What the task asks> Give back only the lines in the records below from the one with "LED晶膜屏透明玻璃贴膜屏全" to the one with "Cuenta también con", both inclusive, word for word.

Available data>
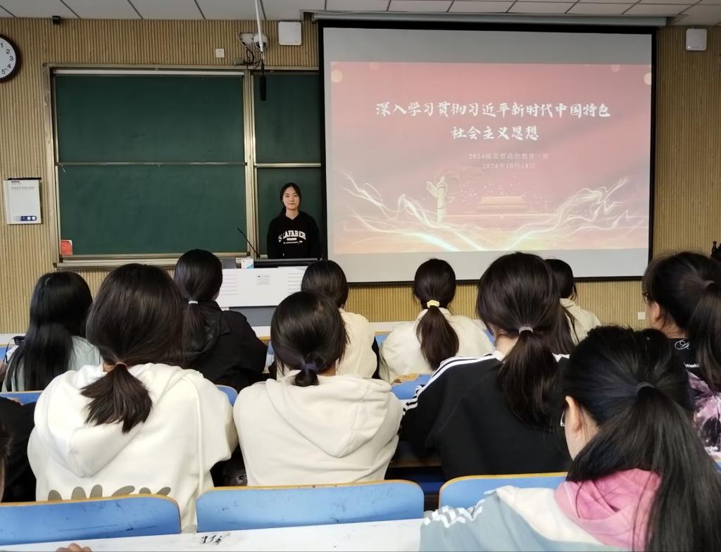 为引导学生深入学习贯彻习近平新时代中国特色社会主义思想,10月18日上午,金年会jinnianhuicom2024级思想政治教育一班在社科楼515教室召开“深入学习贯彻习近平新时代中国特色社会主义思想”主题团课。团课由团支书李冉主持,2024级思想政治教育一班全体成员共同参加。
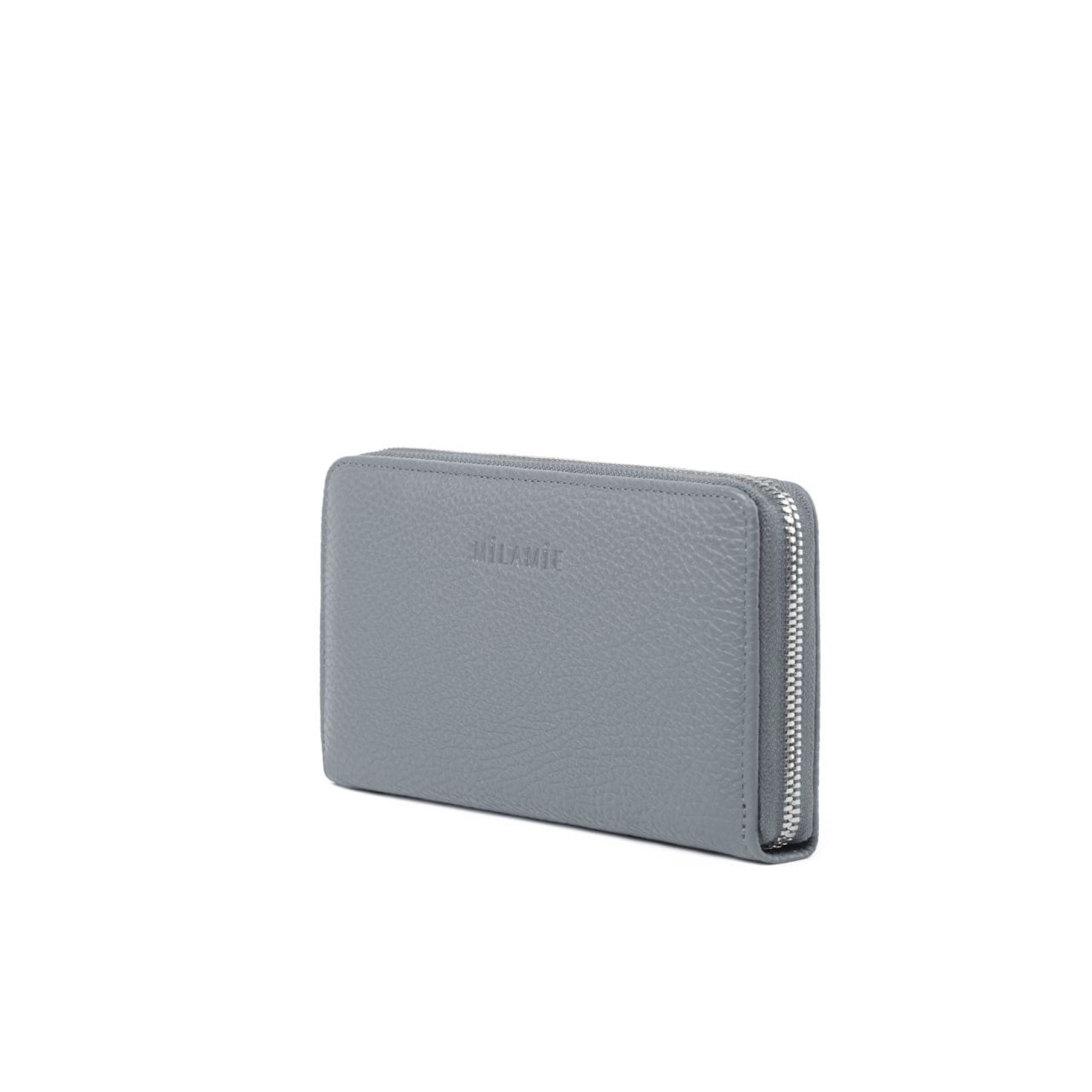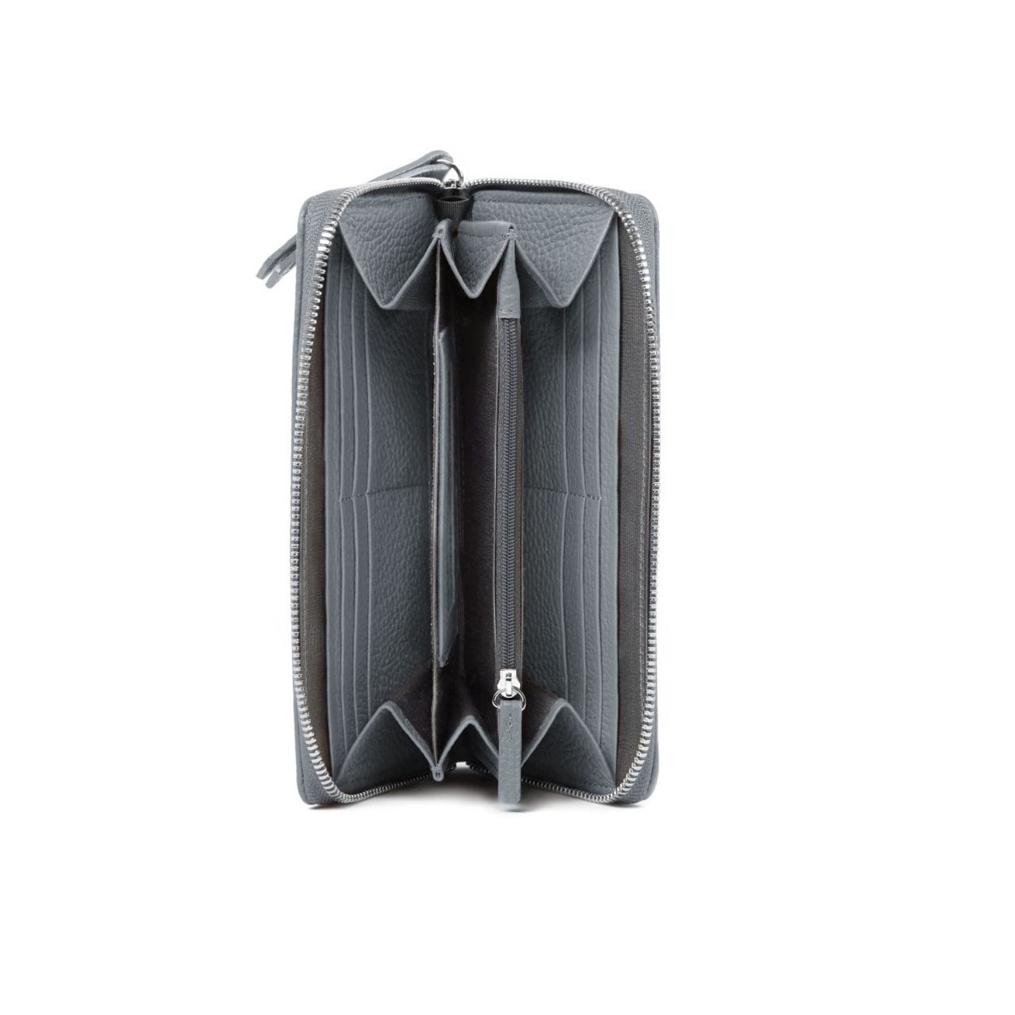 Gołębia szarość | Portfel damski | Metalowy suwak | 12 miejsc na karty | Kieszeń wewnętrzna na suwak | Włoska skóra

==

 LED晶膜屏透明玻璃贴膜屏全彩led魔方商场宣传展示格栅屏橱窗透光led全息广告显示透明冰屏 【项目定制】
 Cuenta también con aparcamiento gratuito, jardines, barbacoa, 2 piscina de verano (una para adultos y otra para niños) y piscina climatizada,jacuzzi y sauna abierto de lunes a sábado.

Answer to this problem>
 LED晶膜屏透明玻璃贴膜屏全彩led魔方商场宣传展示格栅屏橱窗透光led全息广告显示透明冰屏 【项目定制】
 Cuenta también con aparcamiento gratuito, jardines, barbacoa, 2 piscina de verano (una para adultos y otra para niños) y piscina climatizada,jacuzzi y sauna abierto de lunes a sábado.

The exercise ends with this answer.